From the listing below, reproduce word for word the part that opens with the line containing "4-5 éves törzs" and closes with the line containing "rough surface. |"; reproduce nothing else.

***** Study material *****

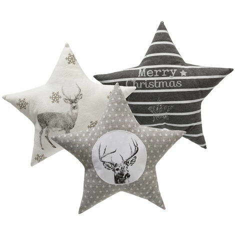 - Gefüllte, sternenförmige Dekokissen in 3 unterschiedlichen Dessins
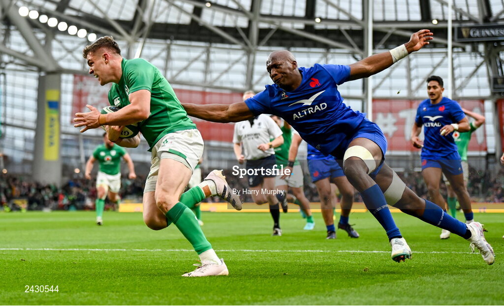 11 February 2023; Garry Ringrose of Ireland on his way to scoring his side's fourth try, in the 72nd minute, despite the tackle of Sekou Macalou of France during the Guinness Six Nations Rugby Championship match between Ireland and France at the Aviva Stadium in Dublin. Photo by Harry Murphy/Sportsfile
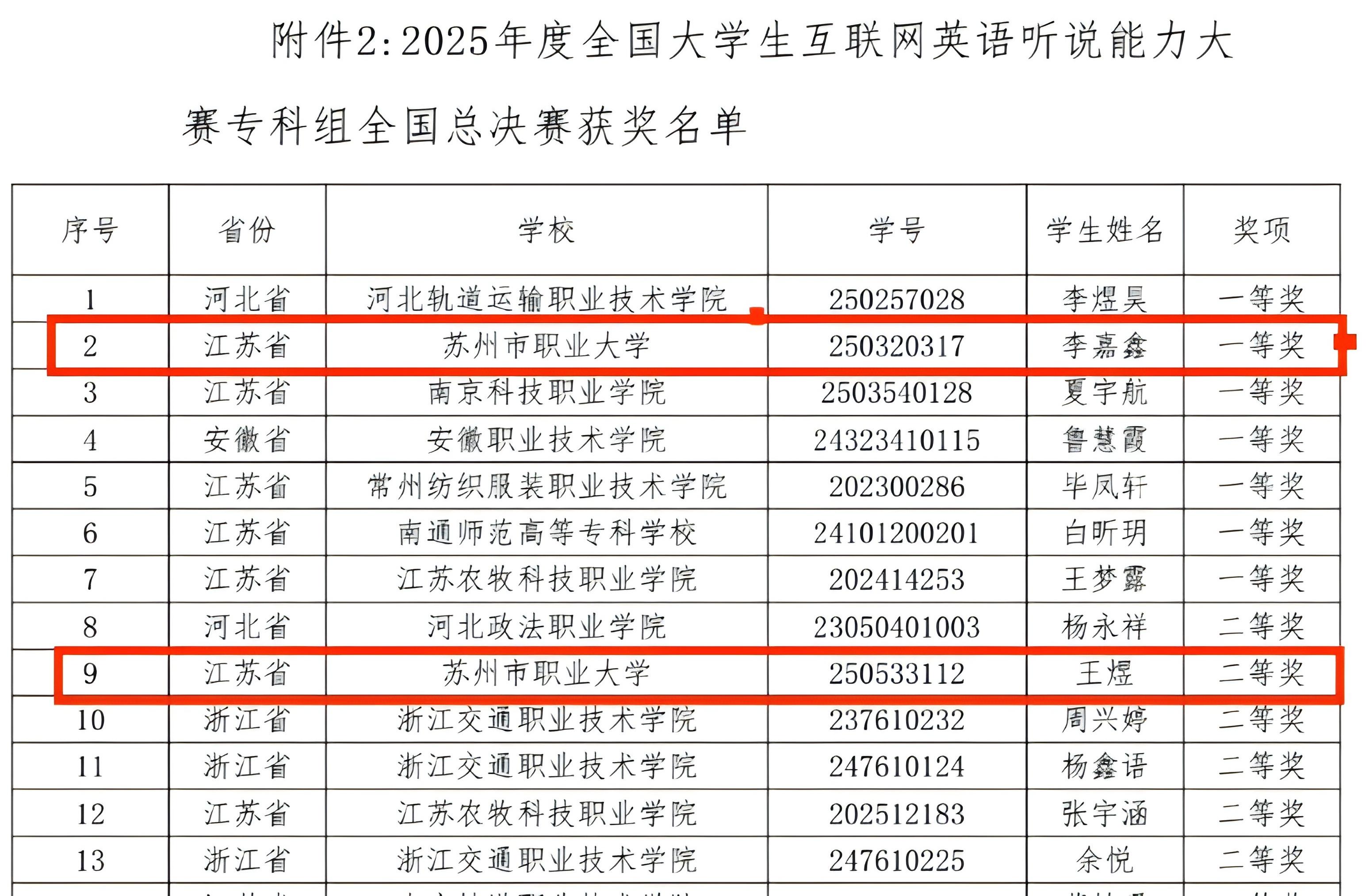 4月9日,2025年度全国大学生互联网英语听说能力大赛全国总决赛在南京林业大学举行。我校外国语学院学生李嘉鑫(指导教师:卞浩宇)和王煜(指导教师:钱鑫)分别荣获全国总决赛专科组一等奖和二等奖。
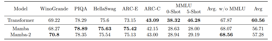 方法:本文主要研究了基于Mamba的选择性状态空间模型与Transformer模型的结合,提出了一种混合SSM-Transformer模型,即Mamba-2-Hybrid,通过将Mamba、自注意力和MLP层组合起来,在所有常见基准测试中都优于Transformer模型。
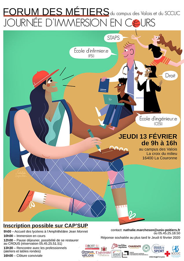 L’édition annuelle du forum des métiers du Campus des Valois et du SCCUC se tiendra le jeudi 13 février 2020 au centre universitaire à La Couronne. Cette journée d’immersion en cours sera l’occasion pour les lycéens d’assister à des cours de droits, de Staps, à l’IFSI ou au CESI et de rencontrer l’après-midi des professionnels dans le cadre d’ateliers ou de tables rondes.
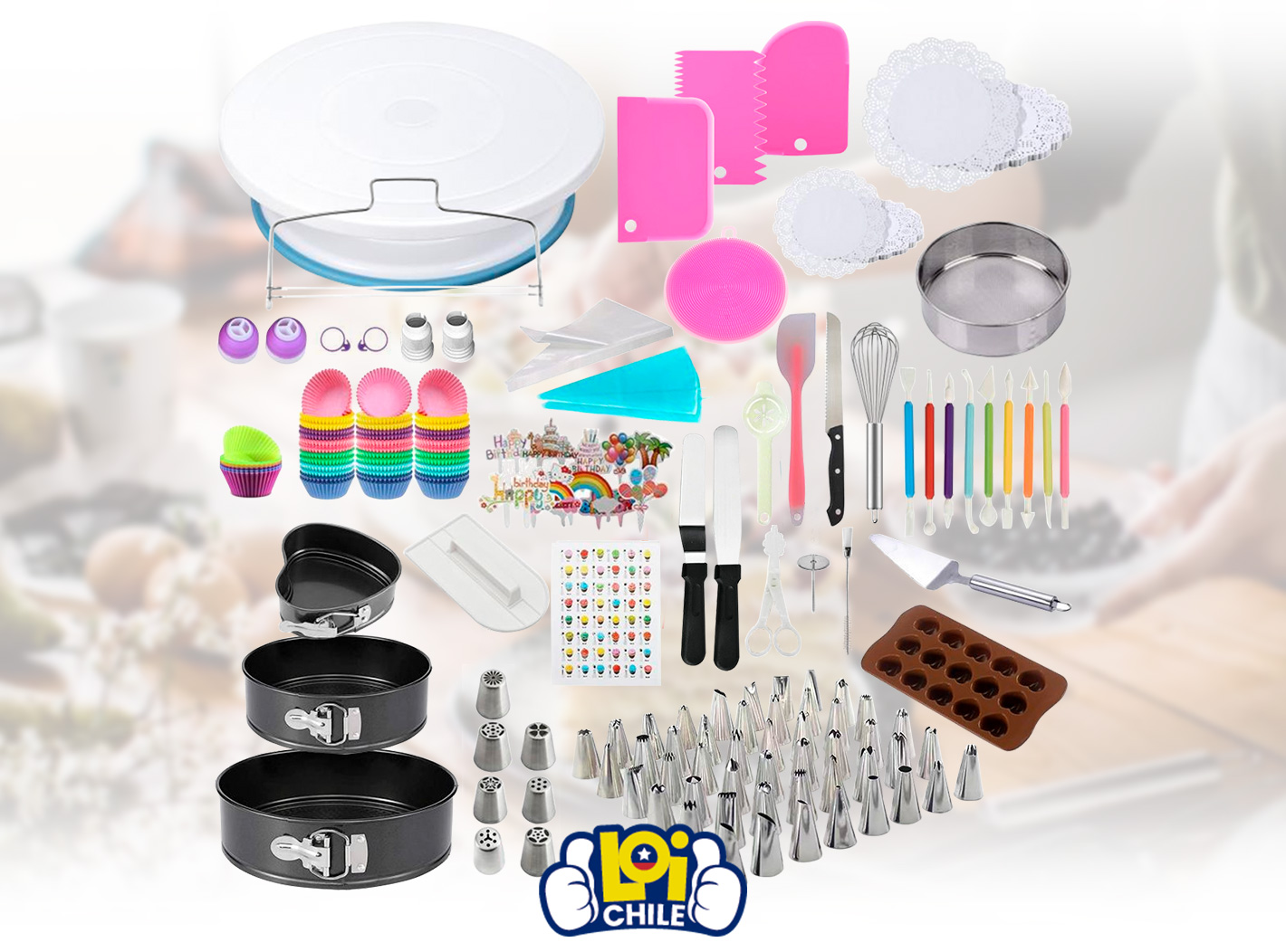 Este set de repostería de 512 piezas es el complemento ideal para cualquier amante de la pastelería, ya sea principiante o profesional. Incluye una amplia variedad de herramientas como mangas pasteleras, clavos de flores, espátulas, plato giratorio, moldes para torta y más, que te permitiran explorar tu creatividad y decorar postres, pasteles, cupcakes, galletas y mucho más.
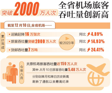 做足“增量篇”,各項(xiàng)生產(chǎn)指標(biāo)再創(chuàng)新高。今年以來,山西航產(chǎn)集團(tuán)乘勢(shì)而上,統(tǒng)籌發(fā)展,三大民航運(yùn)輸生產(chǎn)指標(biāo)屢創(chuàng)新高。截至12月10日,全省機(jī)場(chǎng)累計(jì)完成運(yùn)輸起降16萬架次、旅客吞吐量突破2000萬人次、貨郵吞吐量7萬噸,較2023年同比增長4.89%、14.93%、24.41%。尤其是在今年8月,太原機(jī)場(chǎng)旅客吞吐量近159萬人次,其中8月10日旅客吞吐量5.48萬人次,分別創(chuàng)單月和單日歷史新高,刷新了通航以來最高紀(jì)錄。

*****
***** Study material *****

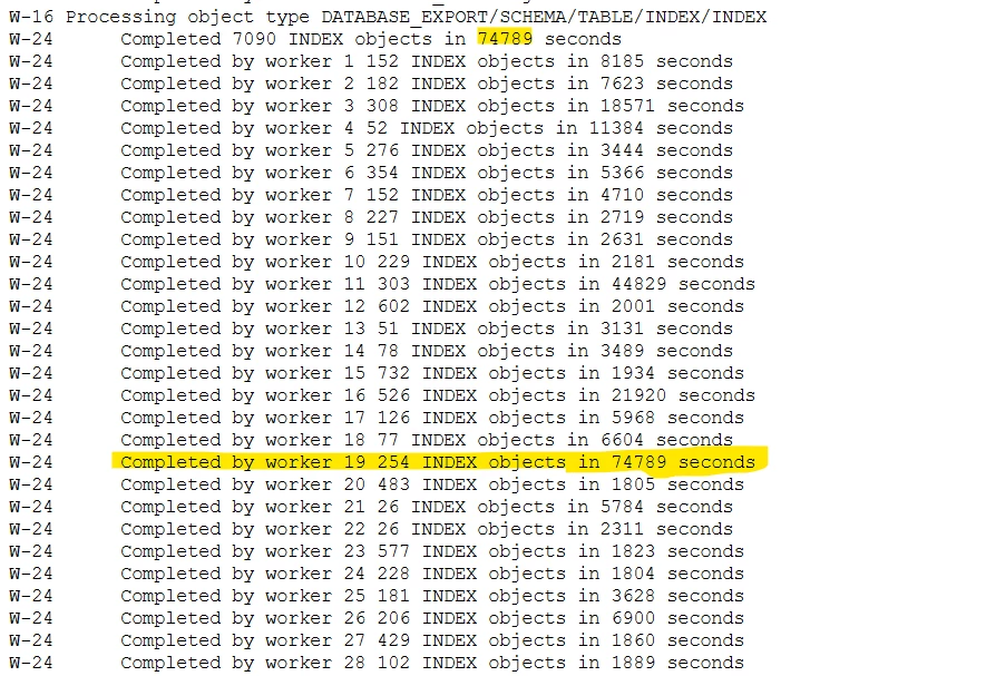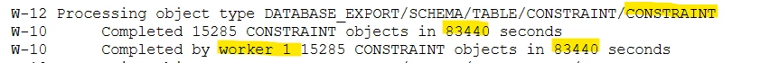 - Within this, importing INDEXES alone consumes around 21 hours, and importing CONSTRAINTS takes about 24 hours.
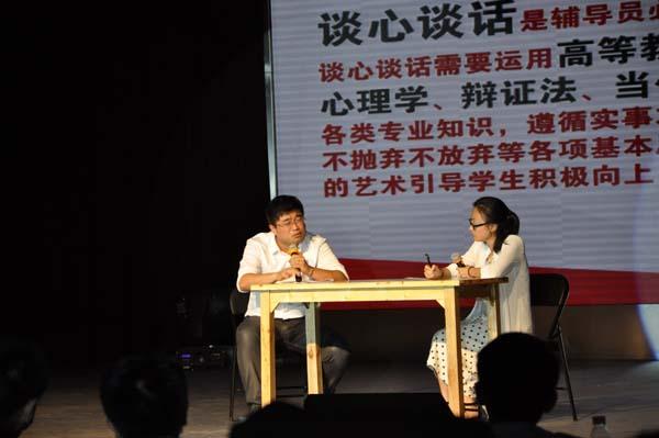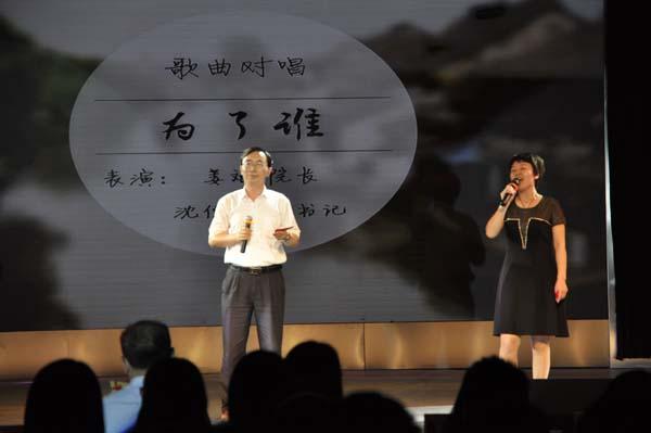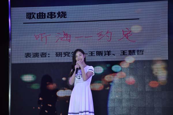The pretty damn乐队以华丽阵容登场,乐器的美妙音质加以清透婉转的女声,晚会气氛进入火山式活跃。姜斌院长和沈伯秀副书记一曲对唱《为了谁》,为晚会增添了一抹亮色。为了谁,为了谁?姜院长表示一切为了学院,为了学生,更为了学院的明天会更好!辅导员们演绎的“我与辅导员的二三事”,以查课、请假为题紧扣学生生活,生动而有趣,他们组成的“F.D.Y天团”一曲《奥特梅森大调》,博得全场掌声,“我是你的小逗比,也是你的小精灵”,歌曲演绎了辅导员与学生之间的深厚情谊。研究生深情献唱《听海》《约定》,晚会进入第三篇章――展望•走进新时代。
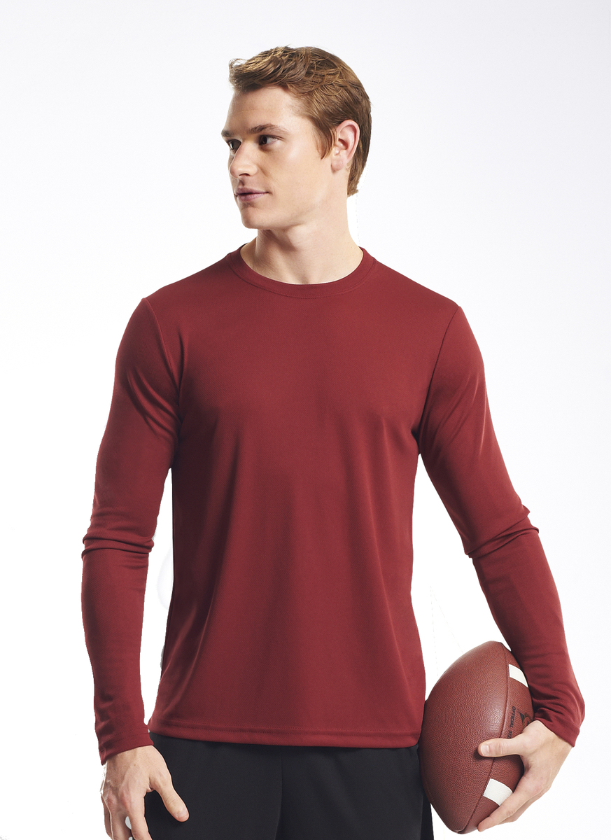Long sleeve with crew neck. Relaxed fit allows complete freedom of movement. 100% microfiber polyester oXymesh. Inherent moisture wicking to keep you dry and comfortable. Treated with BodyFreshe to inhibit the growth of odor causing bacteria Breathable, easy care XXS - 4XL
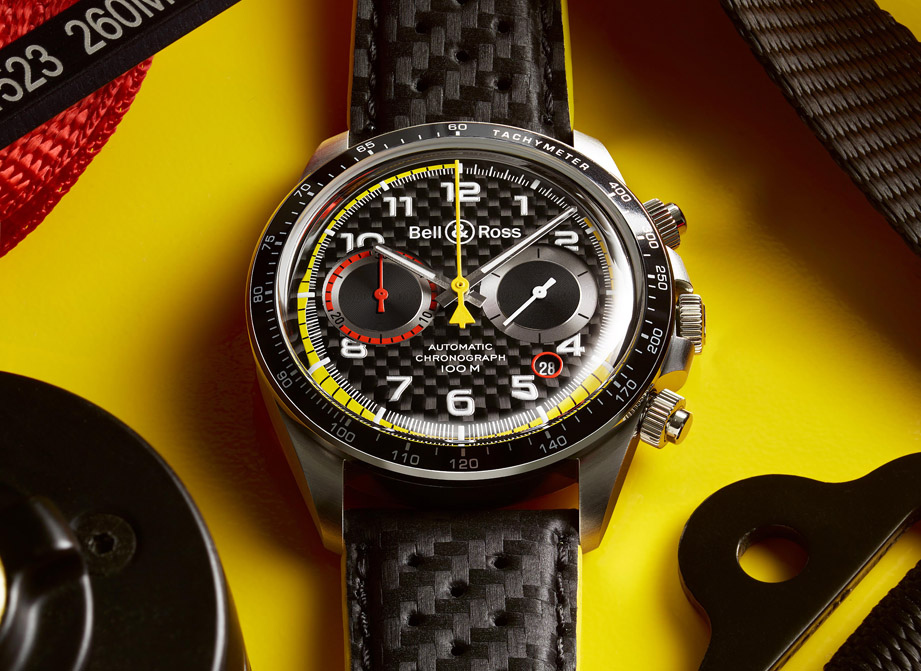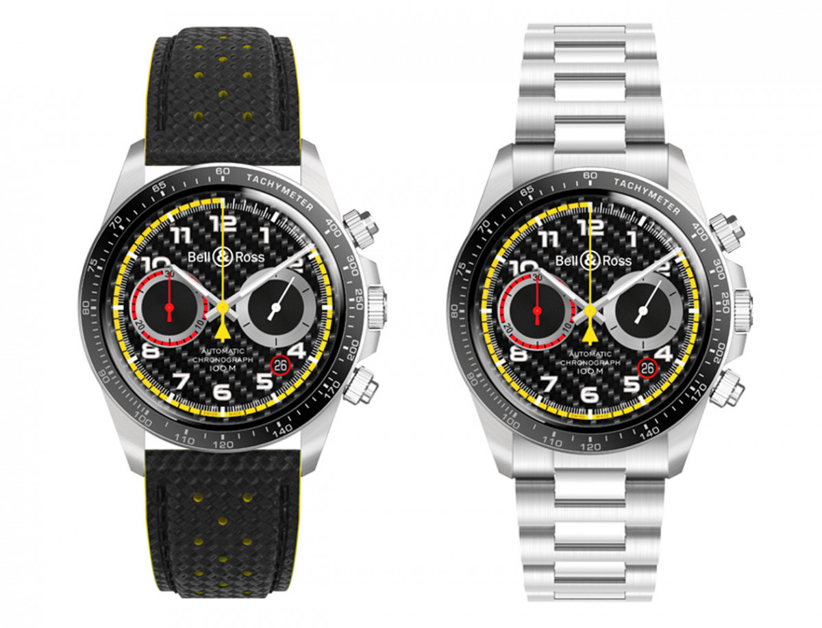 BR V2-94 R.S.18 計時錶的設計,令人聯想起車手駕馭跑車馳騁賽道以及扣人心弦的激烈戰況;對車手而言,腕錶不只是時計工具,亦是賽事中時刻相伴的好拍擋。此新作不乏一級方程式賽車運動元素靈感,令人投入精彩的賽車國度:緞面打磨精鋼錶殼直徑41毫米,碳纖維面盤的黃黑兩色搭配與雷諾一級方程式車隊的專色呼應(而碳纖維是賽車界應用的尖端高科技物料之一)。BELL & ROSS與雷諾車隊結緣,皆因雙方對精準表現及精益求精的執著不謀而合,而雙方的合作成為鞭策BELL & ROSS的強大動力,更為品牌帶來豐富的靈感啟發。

*****
***** Study material *****

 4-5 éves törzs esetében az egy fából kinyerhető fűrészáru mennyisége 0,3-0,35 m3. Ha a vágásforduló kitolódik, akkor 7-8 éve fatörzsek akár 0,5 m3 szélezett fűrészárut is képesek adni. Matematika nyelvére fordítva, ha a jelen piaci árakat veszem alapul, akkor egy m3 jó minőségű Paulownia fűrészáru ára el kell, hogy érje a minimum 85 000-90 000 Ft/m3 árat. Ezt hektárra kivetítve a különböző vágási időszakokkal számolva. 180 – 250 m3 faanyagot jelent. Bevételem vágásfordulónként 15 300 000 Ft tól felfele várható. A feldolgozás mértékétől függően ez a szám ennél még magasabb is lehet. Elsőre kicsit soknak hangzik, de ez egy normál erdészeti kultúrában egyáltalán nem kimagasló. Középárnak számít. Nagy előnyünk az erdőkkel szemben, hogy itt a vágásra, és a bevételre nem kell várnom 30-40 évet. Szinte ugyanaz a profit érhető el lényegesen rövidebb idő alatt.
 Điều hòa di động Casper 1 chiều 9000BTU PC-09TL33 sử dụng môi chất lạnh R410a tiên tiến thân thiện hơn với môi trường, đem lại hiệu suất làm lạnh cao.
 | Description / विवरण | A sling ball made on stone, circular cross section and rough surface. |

*****

Response for this exercise:
 4-5 éves törzs esetében az egy fából kinyerhető fűrészáru mennyisége 0,3-0,35 m3. Ha a vágásforduló kitolódik, akkor 7-8 éve fatörzsek akár 0,5 m3 szélezett fűrészárut is képesek adni. Matematika nyelvére fordítva, ha a jelen piaci árakat veszem alapul, akkor egy m3 jó minőségű Paulownia fűrészáru ára el kell, hogy érje a minimum 85 000-90 000 Ft/m3 árat. Ezt hektárra kivetítve a különböző vágási időszakokkal számolva. 180 – 250 m3 faanyagot jelent. Bevételem vágásfordulónként 15 300 000 Ft tól felfele várható. A feldolgozás mértékétől függően ez a szám ennél még magasabb is lehet. Elsőre kicsit soknak hangzik, de ez egy normál erdészeti kultúrában egyáltalán nem kimagasló. Középárnak számít. Nagy előnyünk az erdőkkel szemben, hogy itt a vágásra, és a bevételre nem kell várnom 30-40 évet. Szinte ugyanaz a profit érhető el lényegesen rövidebb idő alatt.
 Điều hòa di động Casper 1 chiều 9000BTU PC-09TL33 sử dụng môi chất lạnh R410a tiên tiến thân thiện hơn với môi trường, đem lại hiệu suất làm lạnh cao.
 | Description / विवरण | A sling ball made on stone, circular cross section and rough surface. |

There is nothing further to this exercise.